Vier Samstage – vier Bilderbücher sind die Ausbeute dieses Frühlingsmonats: mit zwei gleichen Formen der Ablichtung: beim Fototag im Dinokindergarten und in Dieter Böges „Alle wollen ein Bild, aber nicht irgendeines“. Außerdem gibt es eine Suche nach dem Quadratischen unserer Zivilisation und ein kleiner Junge würde gern schwimmen gehen, wird aber täglich aufs Neue am Sprung ins Wasser gehindert.

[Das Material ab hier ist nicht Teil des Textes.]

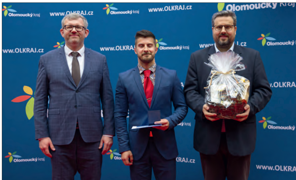
Slavnostní chvíle pro „Učitel roku“ z Lutína (uprostřed).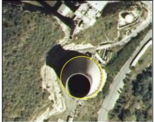
Ejemplo de edificación, atributo TIPO = Chimenea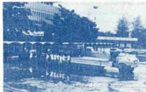
ทหารเรืออาสา จะนำหินเมื่อต้องการ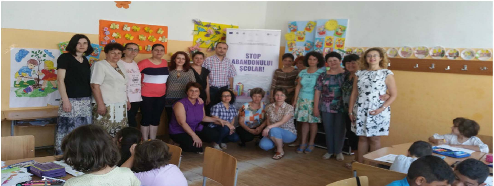
Școala Gimnazială Filași – expertii educativi și coordonatorul de centru

Der englische Illustrator Sean Julian – hierzulande bekanntgeworden mit Büchern wie „Tut mir leid, kleiner Uhu“ und „Krach in der Bärenhöhle“ – verbindet die Lebenswelt von Kleinkindern mit einer ihrer größten Faszinationen: den Dinosauriern. Für den Fototag im Kindergarten von Frau Horn hat das Triceratops-Mädchen „Frida“ extra ihren Lieblingshut, ein Geschenk der Oma, aufgesetzt, der keinesfalls schmutzig werden darf: „Frida versucht wirklich, sich zurückzuhalten. Aber schon bald springt sie in Pfützen, buddelt im Sand, dreht ein paar Runden auf dem Roller und saust mit ihren Freunden die Wasserrutsche runter.“ Es kommt, wie es kommen muss: der Hut verschwindet.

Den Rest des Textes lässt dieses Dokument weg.